Only the lines from the start of the data to the line containing "Figure 4 – Creek", both included, should be output, exactly and without pictures.

═════ Records for this exercise

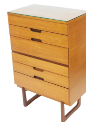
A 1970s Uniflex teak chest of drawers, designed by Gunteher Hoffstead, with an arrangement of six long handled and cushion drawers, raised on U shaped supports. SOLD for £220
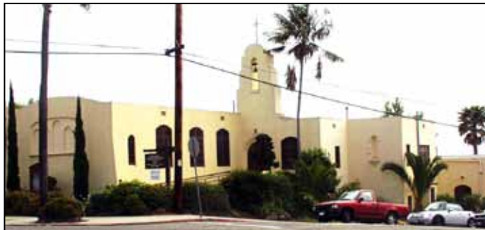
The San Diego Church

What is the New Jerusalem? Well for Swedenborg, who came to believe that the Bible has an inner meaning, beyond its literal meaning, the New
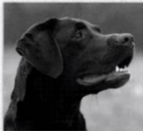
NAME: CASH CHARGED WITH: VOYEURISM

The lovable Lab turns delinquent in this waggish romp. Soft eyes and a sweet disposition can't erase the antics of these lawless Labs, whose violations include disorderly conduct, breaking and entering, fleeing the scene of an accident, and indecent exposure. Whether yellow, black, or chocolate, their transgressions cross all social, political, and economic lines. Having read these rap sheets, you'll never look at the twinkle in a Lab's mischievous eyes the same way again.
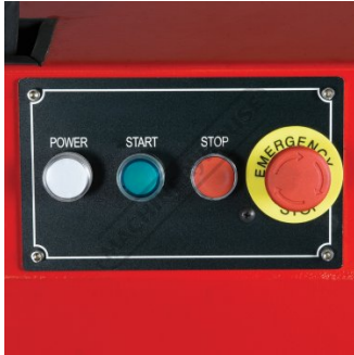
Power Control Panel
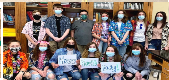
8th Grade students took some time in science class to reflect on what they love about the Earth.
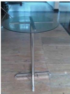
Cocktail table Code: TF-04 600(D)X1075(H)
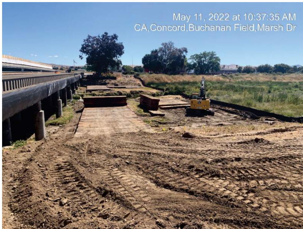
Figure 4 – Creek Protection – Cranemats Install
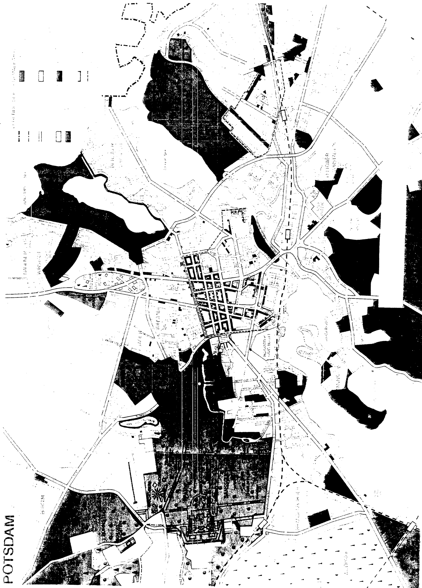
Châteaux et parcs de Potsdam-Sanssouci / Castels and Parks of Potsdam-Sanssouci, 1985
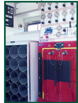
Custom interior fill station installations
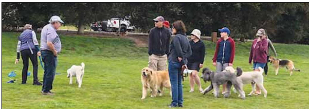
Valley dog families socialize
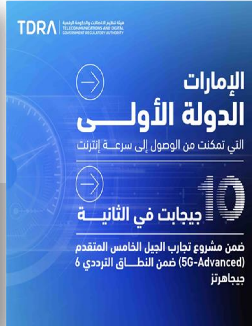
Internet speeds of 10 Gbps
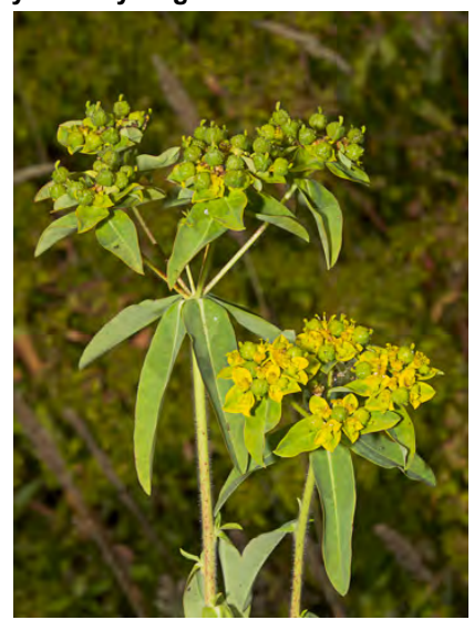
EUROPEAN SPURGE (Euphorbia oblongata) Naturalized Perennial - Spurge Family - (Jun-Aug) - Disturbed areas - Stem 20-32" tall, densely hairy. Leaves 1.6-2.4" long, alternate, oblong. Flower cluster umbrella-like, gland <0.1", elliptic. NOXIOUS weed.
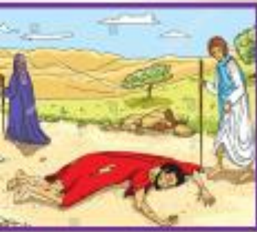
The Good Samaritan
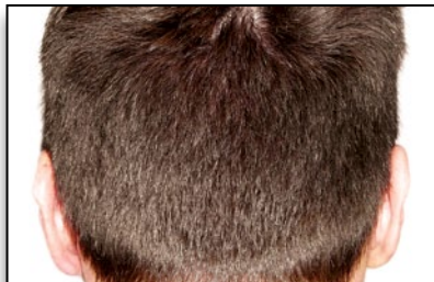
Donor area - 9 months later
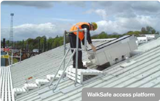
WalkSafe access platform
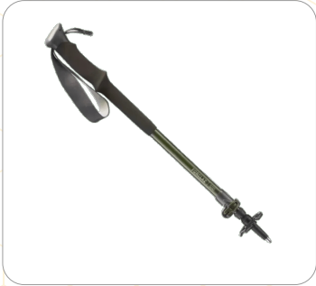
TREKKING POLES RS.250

══════════

Result of the task
A 1970s Uniflex teak chest of drawers, designed by Gunteher Hoffstead, with an arrangement of six long handled and cushion drawers, raised on U shaped supports. SOLD for £220
The San Diego Church

What is the New Jerusalem? Well for Swedenborg, who came to believe that the Bible has an inner meaning, beyond its literal meaning, the New
NAME: CASH CHARGED WITH: VOYEURISM

The lovable Lab turns delinquent in this waggish romp. Soft eyes and a sweet disposition can't erase the antics of these lawless Labs, whose violations include disorderly conduct, breaking and entering, fleeing the scene of an accident, and indecent exposure. Whether yellow, black, or chocolate, their transgressions cross all social, political, and economic lines. Having read these rap sheets, you'll never look at the twinkle in a Lab's mischievous eyes the same way again.
Power Control Panel
8th Grade students took some time in science class to reflect on what they love about the Earth.
Cocktail table Code: TF-04 600(D)X1075(H)
Figure 4 – Creek Protection – Cranemats Install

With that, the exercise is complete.